In a 7-2 decision, the majority of the SCC dismissed the appeal and held that the GRC endorsement did not override the compliance cost exclusion.

Writing for the majority, Justice Rowe reaffirmed the SCC’s longstanding approach to interpreting insurance policies, as set out in Ledcor Construction Ltd. v Northbridge Indemnity Insurance Co. Courts must give effect to clear and unambiguous language in insurance contracts, reading the contract as a whole. The words are given their ordinary and grammatical meaning, as understood by the average person applying for insurance. Endorsements are not self-contained and standalone contracts disconnected from the insurance policy. They vary or amend the underlying policy but are still built on its foundation. If the policy is genuinely ambiguous, the court will consider other interpretive tools, such as the reasonable expectations of the parties and the broader commercial context.

The majority also confirmed that endorsements do not alter the “generally advisable order” for interpreting insurance contracts. First, the insured has the onus to establish that the loss falls within the grant of coverage under the policy, including any endorsements; second, the onus shifts to the insurer to establish whether an exclusion applies; and third, if so, the onus shifts back to the insured to prove that an exception to the exclusion applies.

On the facts, the majority concluded that the GRC endorsement amended the basis of claim payment under the policy to extend coverage, even if the cost of replacing the plaintiffs’ home exceeded the amount of insurance they purchased, but that, reading the policy as a whole, the compliance cost exclusion applied to the increased costs of complying with the Conservation Authority’s requirements. As a result, the policy excluded coverage for the compliance costs, except for the $10,000 available under the BBCC endorsement.

The majority also held that the nullification doctrine did not apply in the circumstances. This doctrine provides that even when the language of an exclusion is unambiguous, it will not be enforced if it nullifies the very essence of the insurance purchased. Giving effect to the compliance cost exclusion did not nullify the purpose of the GRC endorsement, which is to allow recovery of replacement costs even when they exceed the insurance limit.

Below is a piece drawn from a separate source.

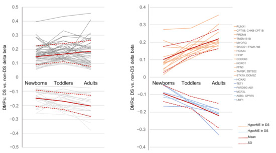 Plots depict DS-associated methylation signals—75 DMPs (left) and 19 DMRs (right)—consistently detected in the blood cells of individuals with DS across three age groups. The Y-axis shows the mean delta-beta of DS vs. non-DS individuals; the positive and negative values of the mean delta-beta correspond to the hypermethylation and hypomethylation events in DS, respectively. The delta-beta average by age group marked by the red line indicates the main trend of longitudinal change in DS-associated differential methylation.

Justices Karakatsanis and Côté each dissented in part. While both agreed with the majority on the general principles governing the interpretation of insurance contractsboth judges found the compliance cost exclusion ambiguous (Justice Côté also found the GRC endorsement to be unclear) and, as a result, held that it should be interpreted in favour of the insureds.

Key Takeaways

  • Appellate courts review the interpretation of standard-form insurance policies on a correctness standard, where no deference is applied to the lower court’s decision.
  • Insurance policies must be read as a whole, with effect given to clear and unambiguous language.
  • Endorsements do not change the generally advisable order for interpreting insurance policies.

Blakes lawyers Jeff Galway, Christopher DiMatteo and Lilian Esene represented the intervenor, the Insurance Bureau of Canada (IBC), in this matter.